Re: [PATCH bpf-next 07/10] bpf: Switch to bpf mem allocator for LPM trie

Toke Høiland-Jørgensen <toke@xxxxxxxxxx> · Thu, 21 Nov 2024 13:50:49 +0100

Thomas Weißschuh <thomas.weissschuh@xxxxxxxxxxxxx> writes:

> On Thu, Nov 21, 2024 at 12:39:08PM +0100, Toke Høiland-Jørgensen wrote:
>> Hou Tao <houtao@xxxxxxxxxxxxxxx> writes:
>> 
>> > Fix these warnings by replacing kmalloc()/kfree()/kfree_rcu() with
>> > equivalent bpf memory allocator APIs. Since intermediate node and leaf
>> > node have fixed sizes, fixed-size allocation APIs are used.
>> >
>> > Two aspects of this change require explanation:
>> >
>> > 1. A new flag LPM_TREE_NODE_FLAG_ALLOC_LEAF is added to track the
>> >    original allocator. This is necessary because during deletion, a leaf
>> >    node may be used as an intermediate node. These nodes must be freed
>> >    through the leaf allocator.
>> > 2. The intermediate node allocator and leaf node allocator may be merged
>> >    because value_size for LPM trie is usually small. The merging reduces
>> >    the memory overhead of bpf memory allocator.
>> 
>> This seems like an awfully complicated way to fix this. Couldn't we just
>> move the node allocations in trie_update_elem() out so they happen
>> before the trie lock is taken instead?
>
> The problematic lock nesting is not between the trie lock and the
> allocator lock but between each of them and any other lock in the kernel.
> BPF programs can be called from any context through tracepoints.
> In this specific case the issue was a tracepoint executed under the
> workqueue lock.

That is not the issue described in the commit message, though. If the
goal is to make the lpm_trie map usable in any context, the commit
message should be rewritten to reflect this, instead of mentioning a
specific deadlock between the trie lock and the allocator lock.

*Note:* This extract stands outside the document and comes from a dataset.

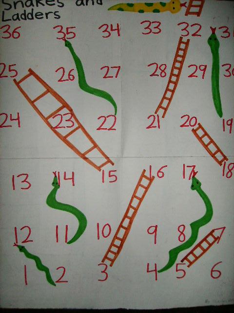 | 5. Snakes and Ladders This is a simple game, and a good one for practicing numbers between 1 and 36 (or whatever range the teacher chooses) because the students can say the number on which they land. Here are the rules:- Students start at 1. Their game pieces are magnets. This game is a poster that is hung on the board.

And in that case, I think it's better to use a single 'struct
bpf_mem_alloc' per map (like hashmaps do). This will waste some memory
for intermediate nodes, but that seems like an acceptable trade-off to
avoid all the complexity around two different allocators.

Not sure if Alexei's comment about too many allocators was aimed solely
at this, or if he has issues even with having a single allocator per map
as well; but in that case, that seems like something that should be
fixed for hashmaps as well?

-Toke